Okay, thank you. You've been generating positive adjusted EBITDA and cash flows. Can you speak about your capital requirements going forward and if you will need to raise any further capital?
In the plans for the near future, we do not see any need to raise capital. We have over $3 million in the bank without long debt. The company has been generating cash from operating activities for the first nine-month period of the year. Since the beginning of 2022, for example, the company has already generated close to $2 million from operating activities. The company also has an additional line of credit to use at the bank if necessary. I remind you that our last two acquisitions were made with a significant stock component and with payment according to agreed milestones and targets. We feel comfortable with our current cash balance and don't see any need of raising capital.

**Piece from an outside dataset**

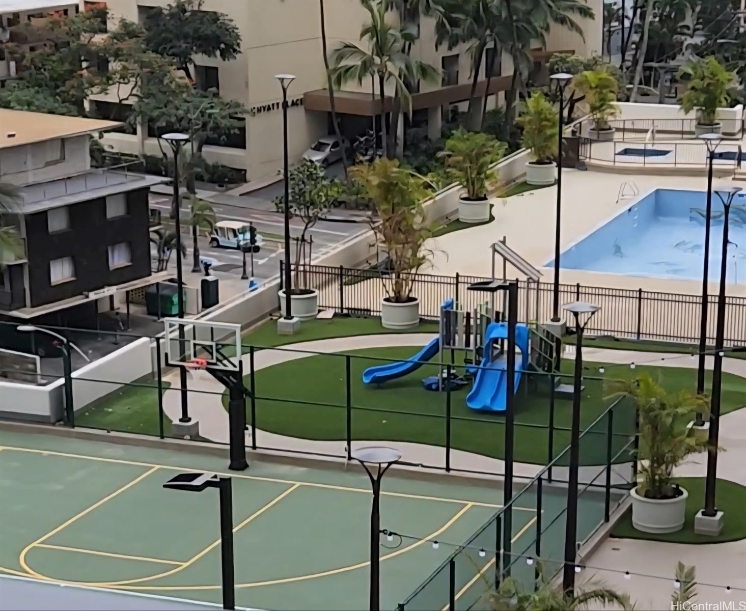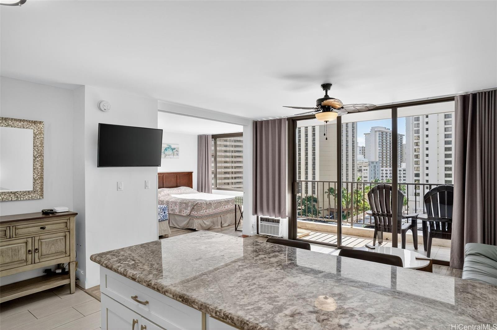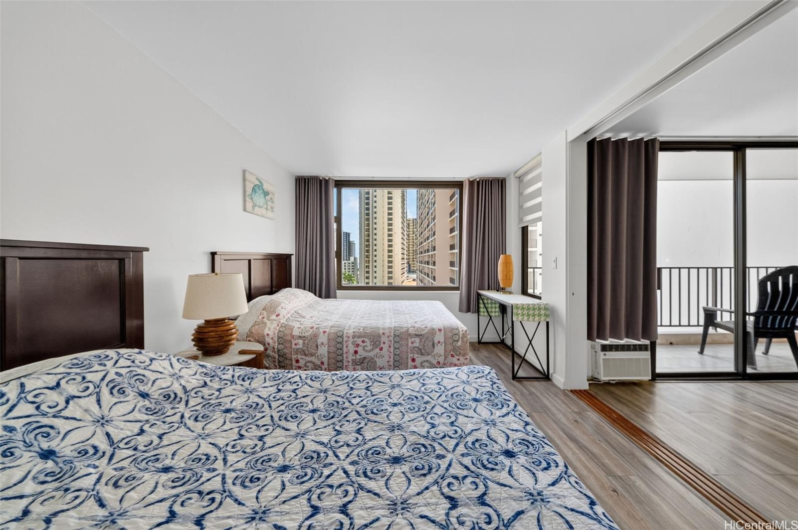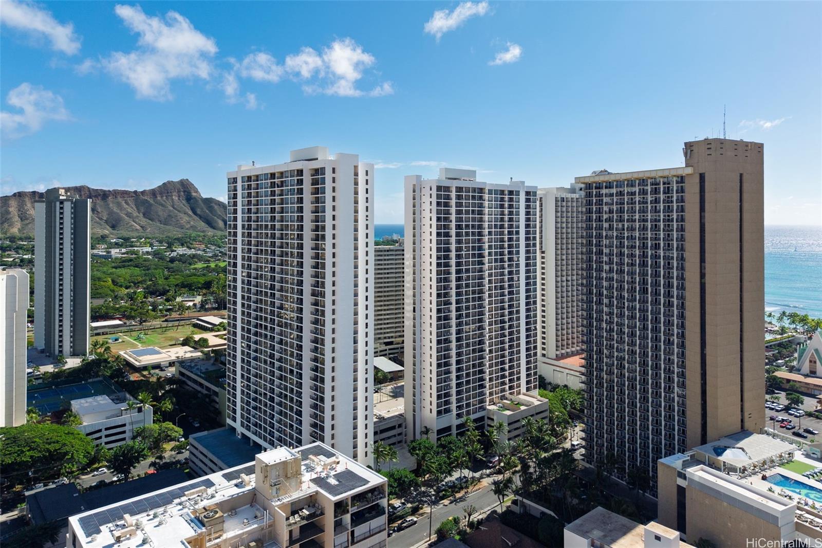 Legal short-Term Rental condominium in the heart of Waikiki! Completed gutted and renovated with new light fixtures and countertops. cabinets, and appliances. This condo is fully furnished. Brand new recreation deck with beautiful amenities such as a pool, whirlpool, playground, BBQ area, including a convenience store and coffee shop on site. This condo is just one block from the famous Waikiki Beach and within easy walking distance of restaurants, shopping, entertainment, the Honolulu Zoo, and Kapiolani Park. Live here year-round, part-time, or even for a few weeks out of the year, and rent out for income when you are not using it. Views from the lanai include Diamond Head, the Peak a boo ocean view, and the city. The maintenance fee includes all utilities, cable TV, internet, water, hot water, sewer, and one unassigned parking stall. Elevators were upgraded with modern interiors. This unit comes with a storage unit (236B) with an annual fee of $120. Whether you are looking for a full-time residence, a second home, or a vacation rental, this unit is a great value! The monthly sandwich lease of $52.20 ends on November 2035.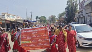 धमतरी, 27 फरवरी 2026। छत्तीसगढ़ के धमतरी जिले में आंगनबाड़ी कार्यकर्ता और सहायिका संघ ने अपनी विभिन्न मांगों, विशेष रूप से नियमितीकरण को लेकर दो दिवसीय धरना प्रदर्शन शुरू किया। प्रदेश नेतृत्व के आह्वान पर आयोजित इस प्रदर्शन में नगरी वनांचल क्षेत्र सहित आसपास के इलाकों से बड़ी संख्या में महिलाएं शामिल हुईं। भीषण गर्मी के बावजूद सैकड़ों कार्यकर्ताओं ने अपनी मांगों को लेकर आवाज बुलंद की।

Okay. Now that the integration of Albert is done, you have begun the process of cross-selling. What have you seen so far and what are your expectations going forward?
With Albert being part of our product offering to the market, we can... and are offering our existing non-Albert clients a wider solution for their needs. Albert takes care of all social and search activity for desktop, mobile, web, and mobile apps marketing campaigns. It makes internal marketing teams and agencies better, automates and optimizes in scale that most of the DevOps and optimization teams just can achieve. With Albert, we are targeting a wider market, with a wider solution.
Thanks, everyone, for participating in today's call. We look forward to hopefully speaking with you shortly. Thank you, everybody.